Fruit Stripe is an artificially and naturally flavored fruit chewing gum. The individual pieces of gum have stripes marked on them, and it is packaged in zebra-striped wrappers, which also act as temporary tattoos.

History
The "Five Flavor Gum" was invented by James Parker and vended first in 1969 by the Beech-Nut company. Farley's & Sathers Candy Company acquired the Fruit Stripe brand-name during 2003 from The Hershey Company.
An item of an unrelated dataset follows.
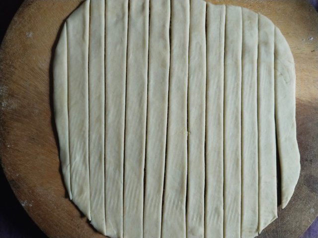 🫓 First I rolled out the bread. Then I cut it into thin slices with the help of a knife.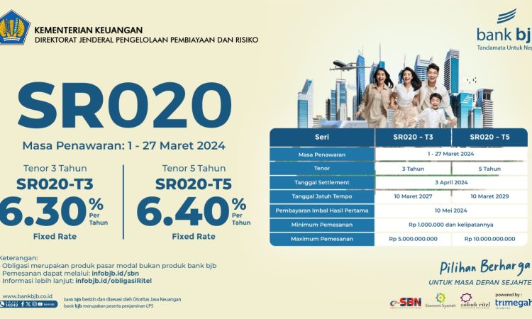 Bandung, bandungpos.id — Pemerintah resmi menerbitkan Sukuk Ritel seri SR020 dengan masa penawaran yang berlangsung pada tanggal 1-27 Maret 2024.

Farley's & Sathers merged with Ferrara Pan during 2012, forming the Ferrara Candy Company, which became a wholly owned subsidiary of Ferrero during 2017.
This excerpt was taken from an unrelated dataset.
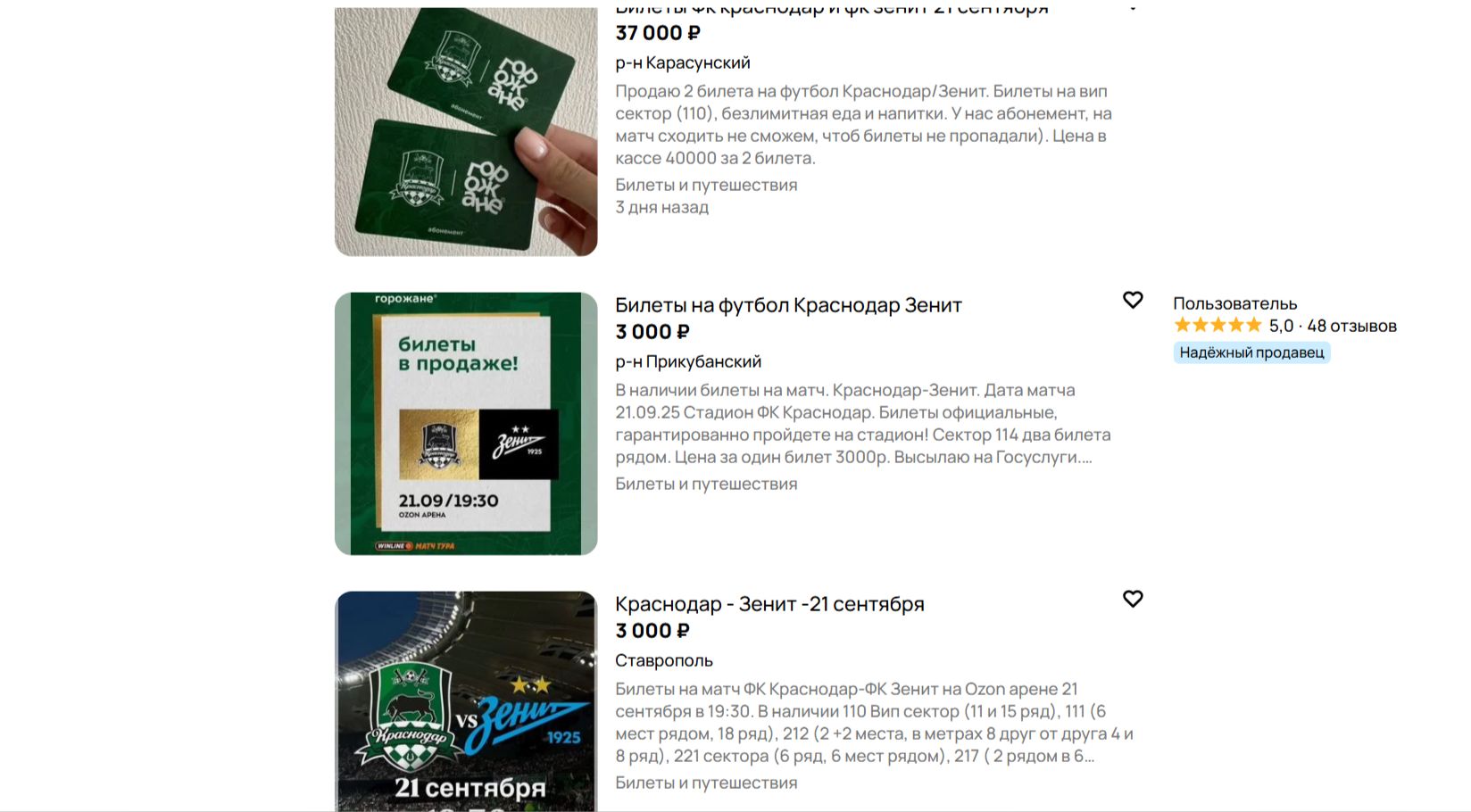 Также перекупщики стали размещать сообщения о продаже билетов на матч «Краснодара» с «Зенитом» на популярном сайте объявлений. Стоимость места варьируется от 2,5 тыс. до 20 тыс. рублей.

A new variety was introduced, Fruit Stripes Gummy Candy, in 2022.

Flavors
Two types of five-flavor packs of Fruit Stripe are currently produced:
 Chewing gum: wet 'n wild melon, cherry, lemon, orange, and peach smash
 Bubble gum: cherry, grape, mixed fruit, lemon, and cotton candy

During the late 1970s, there was a chocolate version named Chocolate Stripe.

Mascots
A character known as the Fruit Stripe Gum Man was used to promote the product; he was an anthropomorphic gum pack with limbs and a face. The Stripes Family Animals, which included a zebra, tiger, elephant, and mouse, were also used for advertising and featured in a coloring book and plush toys.

However, the zebra later named Yipes has outlasted the other characters to become Fruit Stripe's sole mascot. The advertising slogan "Yipes! Stripes!" has often been used with this character. Wrappers contain temporary tattoos of Yipes inline skating, skateboarding, playing baseball, hang gliding, playing basketball, bicycling, snowboarding, surfing, playing soccer, playing tennis, and eating grass. In 1988, Yipes was made into a promotional bendy figure. 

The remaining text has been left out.